Permettant de supporter, voire d'oublier un temps, le quotidien des combats, l'alcool devient un exutoire pour les troupes mais également un fléau pour les Autorités militaires.

Lutter contre l'alcoolisme c'est assurer et maintenir l'ordre public, éviter les accidents et tout autre débordement. La consommation d'alcool par les soldats, en zone de guerre, présente des dangers auxquels l'Autorité militaire tente de remédier puisque l'absorption d'alcool, certes, entraîne indiscipline mais nuit tant à la santé qu'à l'hygiène des troupes.

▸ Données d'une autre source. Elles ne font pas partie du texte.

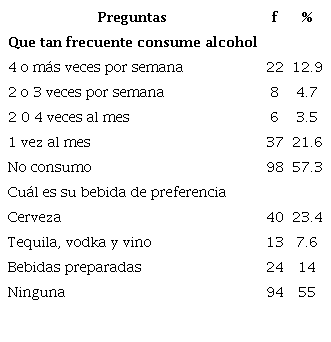 Se aplicó la Cédula de Datos Personales y Prevalencia de Consumo de Alcohol (CDPPCA); la primera realizaba los cuestionamientos de sexo, edad, grado escolar y con quien vive. En el segundo apartado se indagaron los tipos de prevalencia de consumo de alcohol, global, lápsica, actual e instantánea, la cantidad de consumo de alcohol y la bebida alcohólica de preferencia. El Cuestionario de Afrontamiento Familiar (CAF)8, analiza los recursos de afrontamiento de la familiar ante el estrés, y entre estos recursos, estudia el apoyo social de la comunidad, los amigos y vecinos, las estrategias en la resolución de los problemas, la evaluación que la familiar del estresor, el apoyo espiritual y la inclinación a pedir ayuda. Está constituido por 21 ítems ha presentado una consistencia interna del de .74 alfa de Cronbach. Está conformado por dos dimensiones, los Patrones Internos del Afrontamiento Familiar que incluye la confianza de la familia en la solución de los problemas, la reestructuración de los problemas familiares y la pasividad familiar en las situaciones difíciles siendo las subescalas: Reestructuración (ítems 3, 8, 9, 11, 14 15, 16) y Evaluación Pasiva (ítems 13, 17, 19) y la segunda dimensión Patrones Externos del Afrontamiento Familiar abarca los recursos provenientes de instituciones seculares, el contexto social compuesto por los amigos, los vecinos y la familia extensa y los recursos de la comunidad, conformado por: Apoyo Amigos y Familiares (ítems 1, 2, 4, 12), el Apoyo Espiritual (ítems 10, 18, 21), el Apoyo Formal (ítems 5 y 6) y Apoyo Vecinos (ítems 7 y 20). Para su evaluación se clasifico en estrategias internas y estrategias externas del afrontamiento familiar, las puntuaciones se suman y se obtienen totales que delimitan estrategias internas (10 a 23 nunca, 24 a 37 pocas veces/ algunas veces y 38 a 50 muchas veces/siempre) y estrategias externas (11 a 25 nunca, 26 a 40 pocas veces/algunas veces y 41 a 55 muchas veces/siempre).

En 1918, certaines affiches diffusent même le message étatique suivant : l'alcoolisme est considéré comme « un affaiblissement de la force matérielle et morale de l'Armée », cet état deviendrait « en présence de l'ennemi un véritable crime contre la Défense Nationale ».

Toute infraction était passible d'amende, mais vers la fin de la Première Guerre mondiale, les sanctions encourues pouvaient entraîner la fermeture temporaire voire définitive de l'établissement.